As an established genre, Bizarro is a relatively new concept, though the form and ideas have been around for a long time. As the official Bizarro website states, ‘Bizarro, simply put, is the genre of the weird.’ Combining logic of the absurd with twisted, occasionally pornographic, and always macabre themes, it brings to mind the writings of Christopher Moore, Franz Kafka, and even Lewis Carroll, just to name a few.
Since it is such a new genre, Bizarro is always looking to further the art form and release new talent on an unsuspecting world. One of the eight books released this year by the New Bizarro Author Series, Party Wolves in My Skull by Michael Allen Rose is a shining example of what it means to be shelved in the Bizarro section.
To illustrate this point, observe a brief summary of its plot:
Norman Spooter is awoken in the middle of the night to discover that his eyeballs have escaped his head.
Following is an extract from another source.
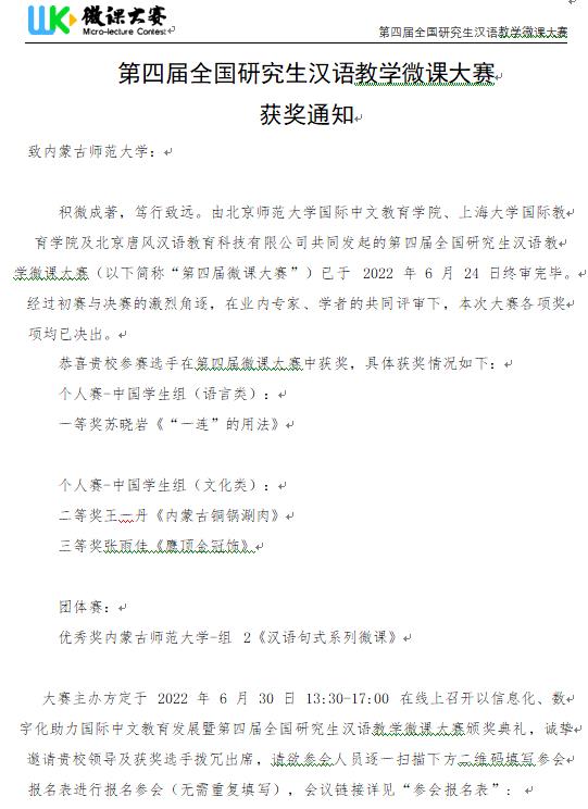 自2021年9月大赛启动以来,校领导、院领导高度重视此项工作。公司组织2020级汉硕进行了初赛,并组建了由内蒙古大学赵金色、丁艳,EMC易倍官方网站国际交流公司陈金香,以及本院任晓彤、胡素莲、白海燕、李瑞春、刘婕、阿婧斯、王伟超等共十位老师组成的专业指导团队。团队分一个“个人赛小组”和两个“团体赛小组”,指导教师在教学内容、教学环节,教学方法、课件制作、视频拍摄、后期处理等各个环节给予参赛选手以专业指导。最终,选送团体参赛作品2个和个人参赛作品10个参加本届全国研究生汉语教学微课大赛。

They have become frustrated with his rule over them and have chosen to elope, travelling to a cult in North Dakota that will worship them for the miracles they really are. Frustrated and blind, Norman goes back to sleep, having absentmindedly stapled a ‘For Rent’ sign to the side of his now vacant head. In the morning, he finds that a group of dope-smoking, heavy-drinking, hard-partying wolves are in the process of moving their couch into his skull. With the help of the wolves and a stolen bicycle, Norman sets off to try and find his errant eyeballs. He comes face-to-face (or, rather, bicycle-to-bumper) with Zoe, a stilt-clad young woman who is on the run from her tyrannical walrus of a boyfriend. You read that right: her boyfriend is a walrus. But Zoe has problems beyond Walter the Walrus, for she too has a startling deformity that she is not eager to reveal.
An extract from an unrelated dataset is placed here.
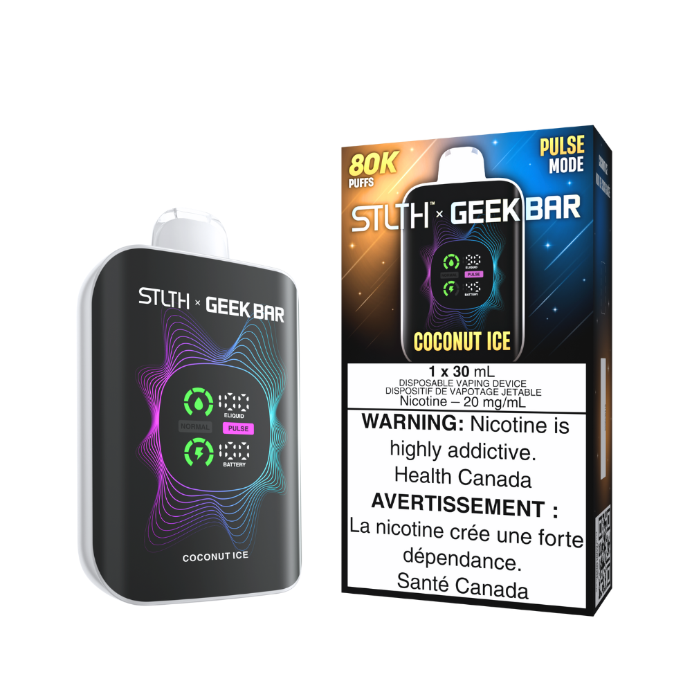 The STLTH x Geek Bar 80K Coconut Ice blends creamy coconut flavour with a cool icy finish inside one of the longest lasting disposables in Canada. Designed for everyday performance, this device pairs STLTH build quality with Geek Bar technology to deliver smooth flavour, big capacity and long running power. Each device is filled with 30 mL of e liquid and offers up to 80,000 puffs so you can vape longer without switching out your setup.

Party Wolves follows the classic roadtrip novel format. With car chases, escapes, and epic battles, it brings out the adventure nerd in all of us. Using an outline his uninitiated readers would recognize, Rose’s novella provides a gentle introduction to the genre he so clearly adores. The rules of the world, while obviously established, can be somewhat unclear to the audience. While readers unfamiliar with the genre can sometimes feel bogged down by the eccentricities of environment, Rose keeps the piece grounded with the use of believable characters. Despite their strangeness, Norman and Zoe are empathetic and well-developed, just trying to get by in the absurdity of their world. The Party Wolves are loveable caricatures with deeply buried insecurities beneath their carefree natures. Even Walter the Walrus appeals to the reader despite his abusive control over Zoe and natural state of, well, being a walrus.
While the story itself is charming, inviting, and loads of fun, I was occasionally frustrated by the editing of the piece. Punctuation, particularly quotation marks at the beginning of paragraphs, was often forgotten, and more words than I normally see in finished editions were accidentally omitted. I hope that in future printings these oversights will be addressed as nothing so arbitrary should detract from this wonderful story.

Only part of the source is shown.